United States v. Malek Lassiter

96 F.4th 629
CourtCourt of Appeals for the Fourth Circuit
DecidedMarch 15, 2024
Docket22-4147
StatusPublished
Cited by22 cases

This text of 96 F.4th 629 (United States v. Malek Lassiter) is published on Counsel Stack Legal Research, covering Court of Appeals for the Fourth Circuit primary law. Counsel Stack provides free access to over 12 million legal documents including statutes, case law, regulations, and constitutions.

Bluebook
United States v. Malek Lassiter, 96 F.4th 629 (4th Cir. 2024).

Opinion

USCA4 Appeal: 22-4147 Doc: 55 Filed: 03/15/2024 Pg: 1 of 20

PUBLISHED

UNITED STATES COURT OF APPEALS FOR THE FOURTH CIRCUIT

No. 22-4147

UNITED STATES OF AMERICA,

Plaintiff – Appellee,

v.

MALEK LASSITER, a/k/a Leeko,

Defendant – Appellant.

Appeal from the United States District Court for the Eastern District of Virginia, at Norfolk. Mark S. Davis, Chief District Judge. (2:16-cr-00130-MSD-LRL-5)

Argued: October 25, 2023 Decided: March 15, 2024

Before AGEE, WYNN, and RICHARDSON, Circuit Judges.

Affirmed in part, vacated in part, and remanded by published opinion. Judge Richardson wrote the opinion, in which Judge Wynn joined. Judge Agee wrote a separate opinion concurring in part and concurring in the judgment.

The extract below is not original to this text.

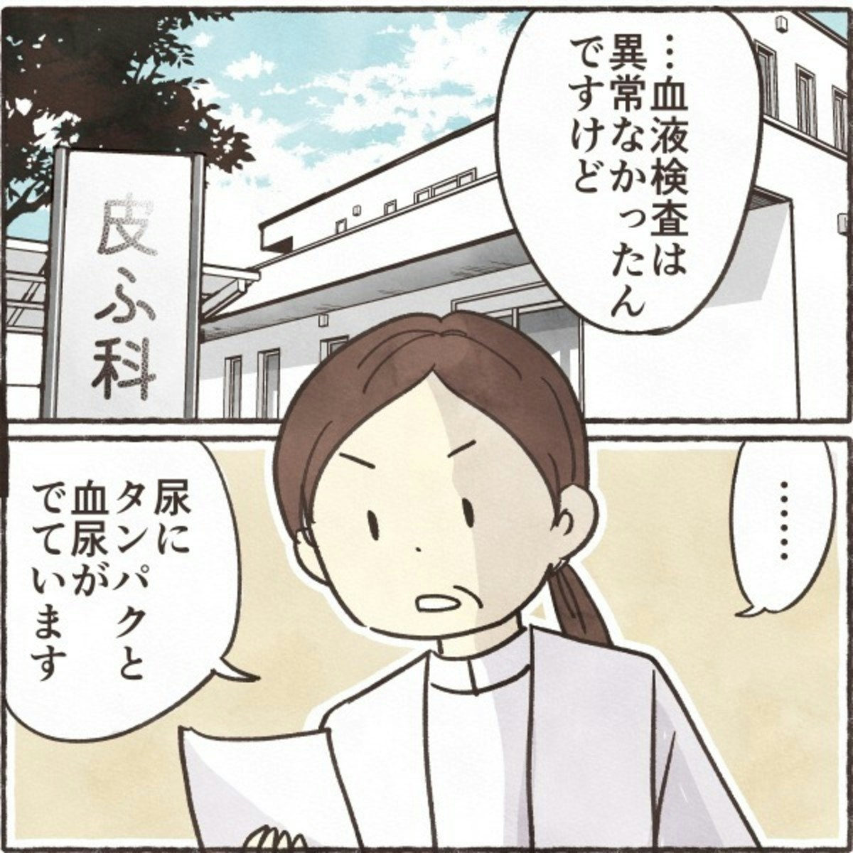 皮膚科で告げられたのは予想外の結果でした。腎障害を併発しているかもしれないという先生からの言葉に、きなこさんは驚きを隠せません。

ARGUED: Paul G. Beers, GLENN, FELDMANN, DARBY & GOODLATTE, Roanoke, Va., for Appellant. Andrew C. Bosse, OFFICE OF THE U.S. ATTORNEY, Norfolk, Va., for Appellee. ON BRIEF: Richard D. Cooke, OFFICE OF THE U.S. ATTORNEY, Norfolk, Va., for Appellee. USCA4 Appeal: 22-4147 Doc: 55 Filed: 03/15/2024 Pg: 2 of 20

RICHARDSON, Circuit Judge:

This is Malek Lassiter’s second appeal from his nine convictions. On his first trip

to this Court, we reversed four of Lassiter’s nine counts. See United States v. Simmons, 11

F.4th 239, 248 (4th Cir. 2021). Now, he asks us to reverse two more: convictions for

possessing a firearm in furtherance of a crime of violence under 18 U.S.C. § 924(c)(1)(A).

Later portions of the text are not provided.